Wczesne wykrycie i leczenie JET zmniejsza te zagrożenia, a także pozwala skrócić czas pobytu pacjenta w szpitalu lub na oddziale intensywnej terapii, co jest korzystne dla całego systemu opieki zdrowotnej – mówi Mazwi. Ostatecznie naukowcy mają nadzieję opracować modele AI do wykrywania wszelkiego rodzaju nieprawidłowości rytmu serca.

Chociaż sztuczna inteligencja robi szybkie postępy w wielu dziedzinach życia, w tym w medycynie, Mazoe twierdzi, że proces w opiece zdrowotnej jest z konieczności wolniejszy i bardziej ostrożny. Model AI musi zostać przetestowany i ponownie przetestowany, aby upewnić się, że poprawi wyniki pacjentów i ogólną wydajność systemu opieki zdrowotnej, zanim będzie można go zastosować na rzeczywistych pacjentach.

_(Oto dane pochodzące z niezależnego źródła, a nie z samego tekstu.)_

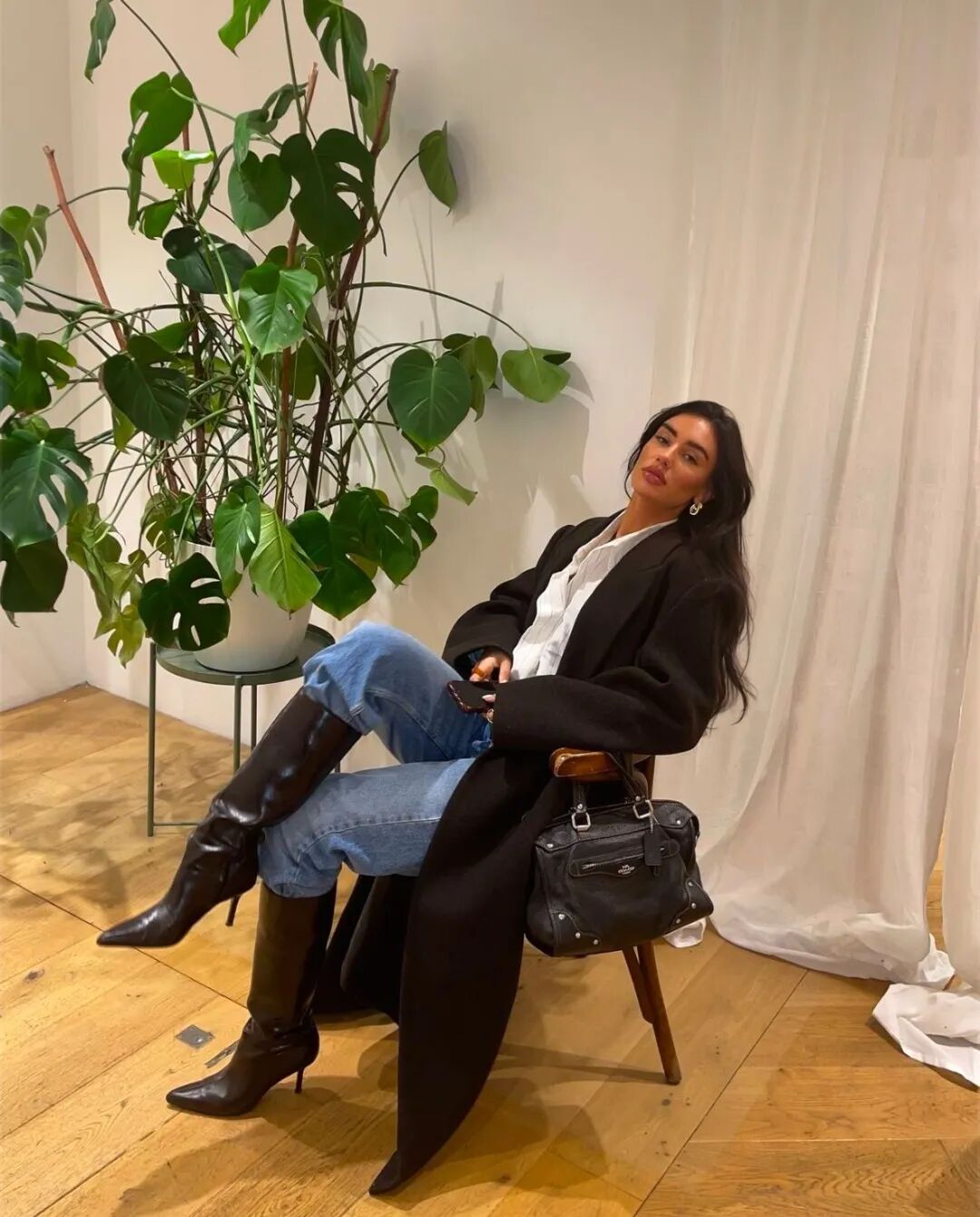 极简配色永远不出错!黑色内搭 + 微喇牛仔裤,勾勒身材曲线,超长款大衣一披,气场直接两米八。尖头高跟靴拉长小腿线条,即使穿大衣也不会显臃肿。

READ  Całkowitą liczbę dróg oddechowych można wykorzystać do pomiaru depresji płucnej w POChP

„Mamy znacznie wyższe standardy” – mówi. „Nie możesz wdrożyć sztucznej inteligencji, dopóki nie będziesz absolutnie pewien, że zapewni ona korzyści w stosunku do istniejącego procesu”.

Zespół badawczy z U of T i SickKids współpracuje z klinicystami i naukowcami z innych szpitali dziecięcych w Anglii, Izraelu i Australii, aby przetestować modele sztucznej inteligencji opracowywane w Toronto. Ich cel: ustalenie, czy modele działają również na podobnych populacjach pacjentów w innych szpitalach i zasianie nasion do ekspansji poza Kanadę.

„Wykrywanie i diagnozowanie arytmii w odpowiednim czasie jest wyzwaniem – i jest to jeszcze większe wyzwanie dla szpitali, które nie mają funduszy i wiedzy, jaką ma SickKids” – mówi Goodfellow. „Prawdziwy wpływ będzie miał, gdy przeniesiemy tę technologię do społeczności znajdujących się w niekorzystnej sytuacji”.